We are going to be using a large pretrained model and need all the GPU power we can get in this notebook. In Azure Databricks we’ve set up two ‘NVIDEA Tesla K80’ GPUs that have a memory size of 11GB and a bandwidth of 223GB/s. Below we make sure that GPU input is managed well and we utilize both GPUs.

We’re ready to start using BERT and prepare it for finetuning on our prediction task to predict Michelin reviews like we did with our topic modeling results and our word embedding results. As you see below, when you load a python module in R with reticulate, it works like any other object in R, you can call the contents of the module, mainly its methods and functions, using the $ sign, as you would do if you want to get something from any other R object. Here, we start by loading the module using the reticulate import-function and we use its method to download the model from the transformers package. We start by using BERTje, a model built for the Dutch language, developed by Wietse de Vries. BERTje was trained on high quality Dutch text that include books, news corpora, news web pages, Wikipedia and SoNaR-500, a 500-million-word reference corpus of contemporary written Dutch.

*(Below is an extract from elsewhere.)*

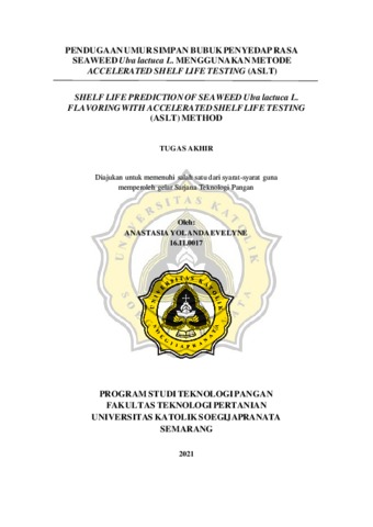 EVELYNE, ANASTASIA YOLANDA (2021) PENDUGAAN UMUR SIMPAN BUBUK PENYEDAP RASA SEAWEED Ulva lactuca L. MENGGUNAKAN METODE ACCELERATED SHELF LIFE TESTING (ASLT). Other thesis, Universitas Katholik Soegijapranata Semarang.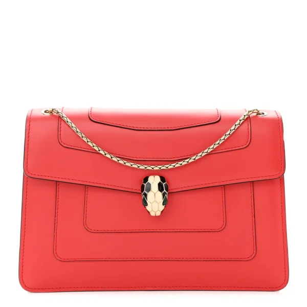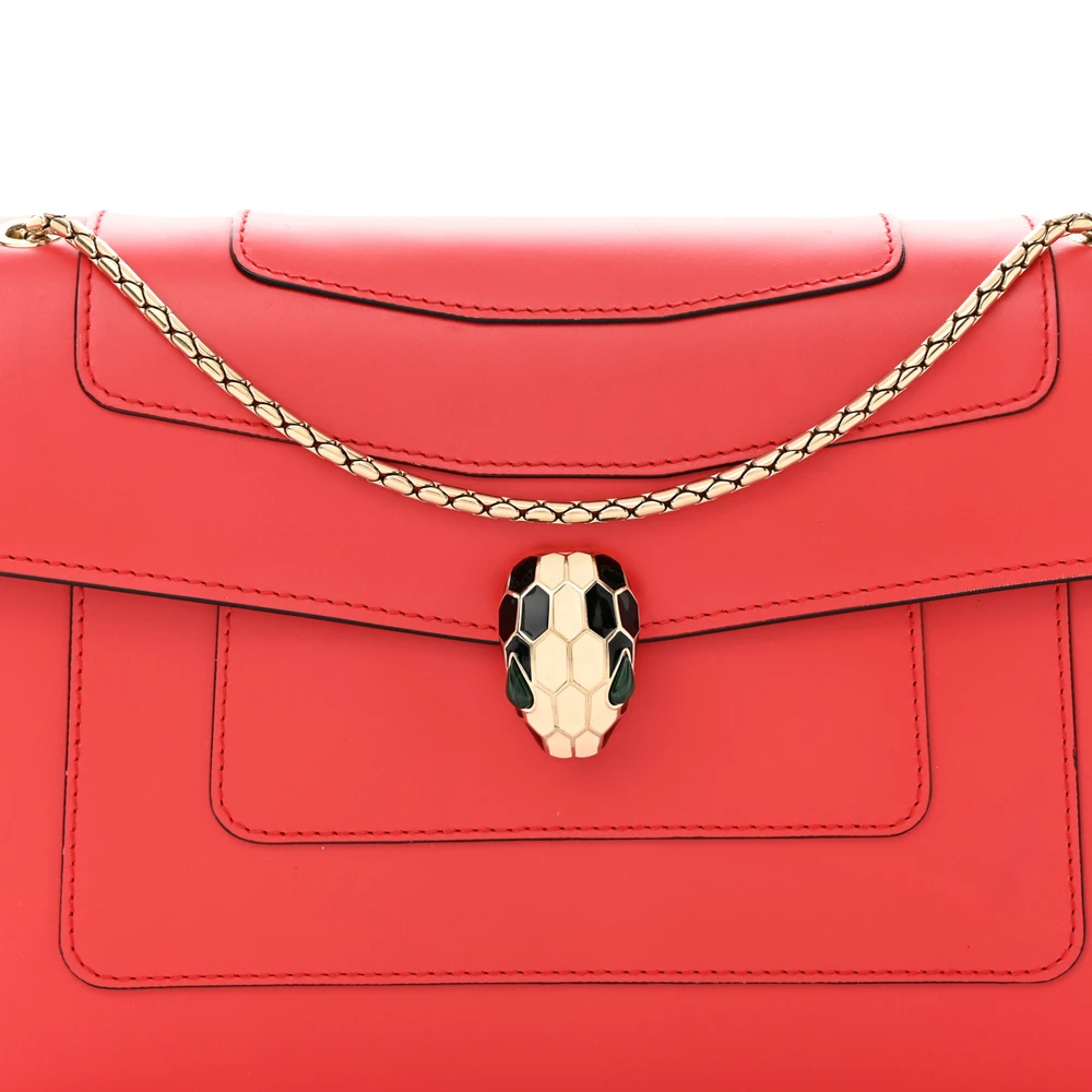 Bvlgari Medium Serpenti Forever Shoulder Bag Red Calfskin Leather Gold Hardware

After loading BERT — or BERTje which has the same configuration — we can explore how BERT works. The key elements we need are the tokenizer and the pretrained model. The tokenizer that comes with the model will be used to look up the Dutch words in our restaurant reviews and map them to the token ids needed by BERT. Aside from these token ids, the tokenizer also adds some generic tokens to the text sequences:

[UNK] for tokens in the text sequence that are not in the vocabulary of 30.000 tokens used for training,
[CLS] is a special token used to determine the start of each sequence
[SEP] is a separator token used to separate parts within a sequence (sentences, question/answers)
[PAD] is the token used to fill sequences that are shorter than the specified sequence length used in the model
[MASK] is the token used in pretraining, when a sample of tokens is masked to train the Masked LM model

This visualization from the original paper shows how BERT tokenizes the textual data for pretraining:

The [MASK] and [SEP] tokens are essential for pretraining BERT. [SEP] tells BERT what the first sentence and what the second sentence is in the provided text. Remember that training of BERT is done in two ways: by learning what are words that are randomly masked before training (the [MASK] tokens that are added before pretraining) and by figuring out what is the right order of the sentences within the text. Since we will not redo the pretraining of the model, we will not need to split our texts into sentences divided by the [SEP] token and we don’t need to add any [MASK] tokens as well. We can use the tokenizer we need (each model has its own way to tokenize the text to fit the model structure) from the Transformers package. Thereafter, we can load our own textual data and apply the tokenizer to it.

$`[UNK]`
[1] 0

$`[CLS]`
[1] 1

$`[SEP]`
[1] 2

$`[PAD]`
[1] 3

$`[MASK]`
[1] 4

$bekommerd
[1] 9000

$bekoorlijk
[1] 9001

$bekostig
[1] 9002

$bekrachtigd
[1] 9003

$bekritiseerd
[1] 9004

$bekroning
[1] 9005

Load preprocessed data

Let’s load the restaurant review data we’ve prepared in an earlier blog and while we’re at it, let’s also load the labels and the same ids we want to use for training and testing models in all our NLP blogs.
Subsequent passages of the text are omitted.